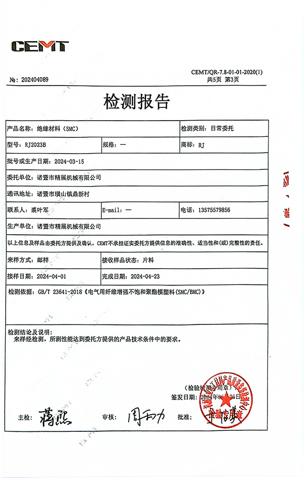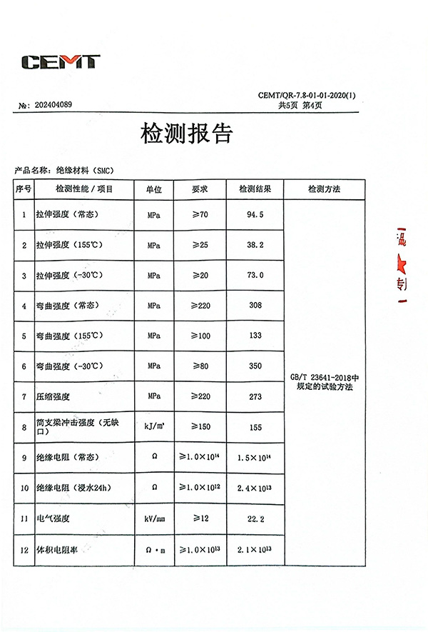 • 絕緣材料(SMC)檢測(cè)報(bào)告
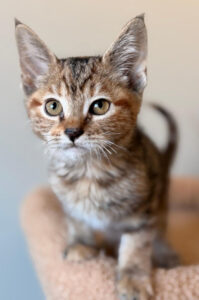 Hazel is a confident little kitten who thrives with feline companionship and will bring plenty of fun, affection, and tiny but mighty energy to her forever home. (CCAR ID: C26-009)
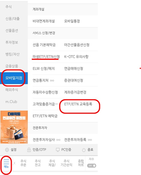 메뉴->모바일지점->ETH/ETN교육등록 순서로 누르시면되는데요. (파생ETH/ETN신청버튼 아니예요)

** The task **
Please ensure that the data above is repeated exactly, with no pictures in the copy.

** Response box **
 • 絕緣材料(SMC)檢測(cè)報(bào)告
 Hazel is a confident little kitten who thrives with feline companionship and will bring plenty of fun, affection, and tiny but mighty energy to her forever home. (CCAR ID: C26-009)
 메뉴->모바일지점->ETH/ETN교육등록 순서로 누르시면되는데요. (파생ETH/ETN신청버튼 아니예요)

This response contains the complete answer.